Тут раздались встревоженные крики, и Федров поднял голову — как раз вовремя, чтобы увидеть, что мяч летит прямо к нему. Можно было бы встать и спокойно поймать его обеими руками. Или же отклониться, и мяч пролетел бы мимо. Но вместо этого он в последний момент беззаботно вскинул над головой левую руку и поймал мяч. Мальчишки на поле расхохотались, послышались приветственные крики и аплодисменты, и Федров, прежде чем бросить мяч обратно, ответил на приветствия типичным для бейсболиста жестом — сделал вид, что приподнимает над головой кепку-бейсболку. И машет ею восторженной публике. Мяч оцарапал ладонь и сломал ноготь; из пальца шла кровь. Но не слишком сильно. И тогда он сунул руку в карман и вытер кровь о подкладку. Было бы гораздо гигиеничнее обмотать палец носовым платком, но ему не хотелось показывать ребятам, что чей-то промах привел к таким неприятным последствиям. «Ну и выпендрежник же ты», — обозвал он сам себя и слегка поморщился. Начинающие могут играть обеими руками. Он криво улыбнулся. Вечное, неизбывное тщеславие старых спортсменов…
1927 год
Тем летом в жизни Бенджамина произошло еще несколько важных событий. Он участвовал в трех играх в команде старших и, очень эффектно поднырнув, принял трудный мяч, чем обеспечил победу своей команде над другим лагерем. В результате в пятницу, во время церемонии награждения, его выбрали лучшим спортсменом недели. А Кон дал ему целых пять долларов, поскольку именно Кон был тогда питчером. С тех пор прошло немало времени, прежде чем Бенджамину снова удалось заработать на спортивных достижениях — случилось это лишь через год после окончания колледжа, во время Великой депрессии. Тогда он за двадцать пять долларов сыграл в двух или трех футбольных матчах в Ньюарке.

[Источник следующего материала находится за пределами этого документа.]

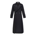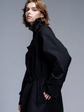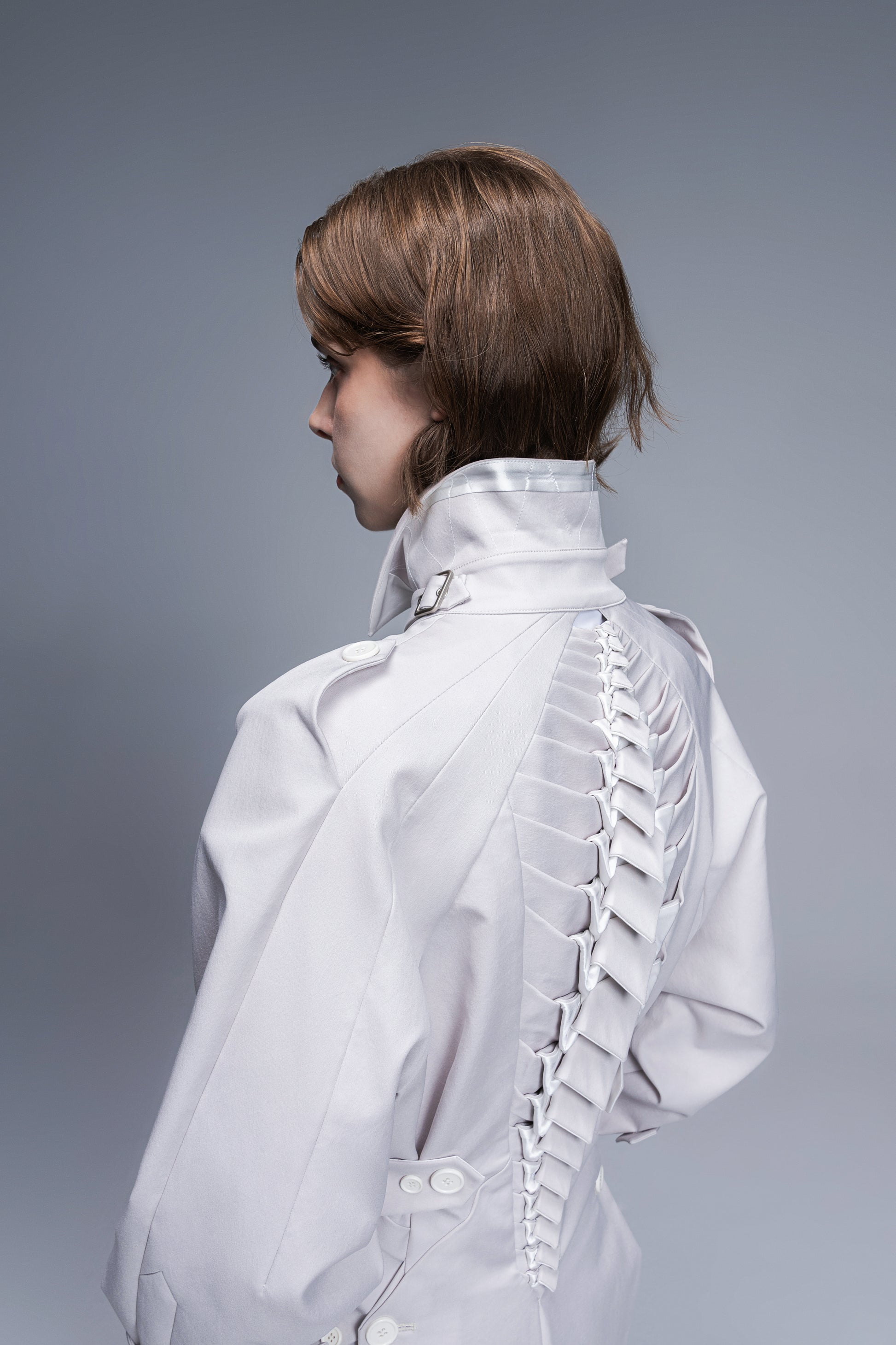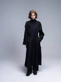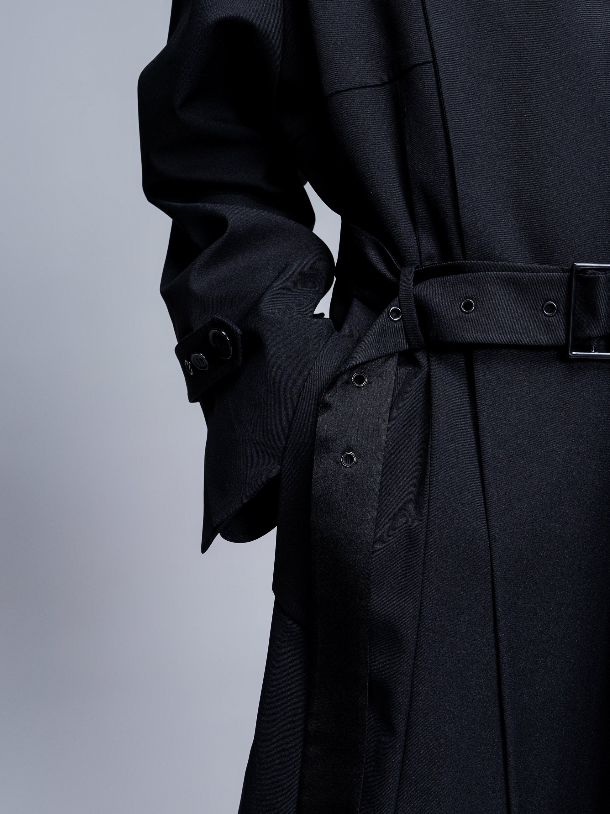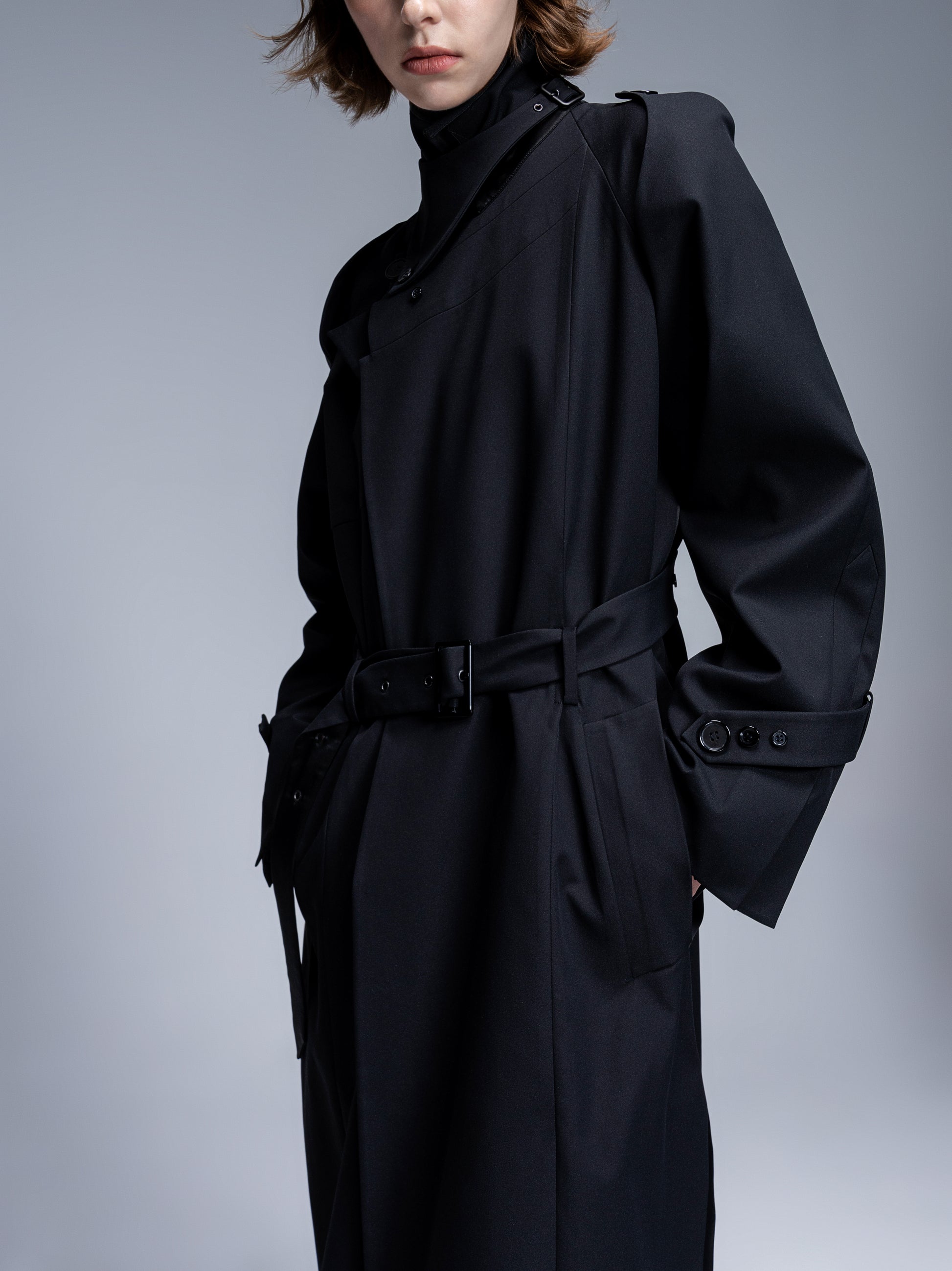 - Designed as a classic double-breasted front, it is equipped with an adjustable belt and button cuffs. The back features eye-catching dragon skeleton sculptural details, a long cut and practical side pockets

И еще тем летом он впервые в жизни заплакал, жалея ближнего своего. То стало своеобразным этапом, приближающим его к зрелости. А случилось это по окончании финального турнира по боксу, во время которого его брата Луиса побил в трех раундах какой-то мальчишка двумя годами старше, но в той же весовой категории — до семидесяти пяти фунтов.
У Луиса была разбита губа, на лбу красовалась огромная шишка. Брат воспринял избиение с обычным присущим ему стоицизмом, но когда они вместе пошли в душ отмывать кровь и прикладывать ко лбу мешочек со льдом, на глазах у старшего брата вдруг выступили слезы. То были слезы любви и сострадания. Бенджамин даже отвернулся, ему не хотелось, чтобы брат видел, как он плачет. Но он знал, что Луис заметил его слезы, хотя ни тогда, ни впоследствии они ни разу не заговорили об этом случае. Никогда, даже став взрослыми, ни словом не упомянули об этом. Луис тогда мрачно взирал на него, и в глазах его читалось изумление. И еще, похоже, он немного стыдился, как ему казалось, проявления детской слабости у брата, которого никогда прежде не видел плачущим.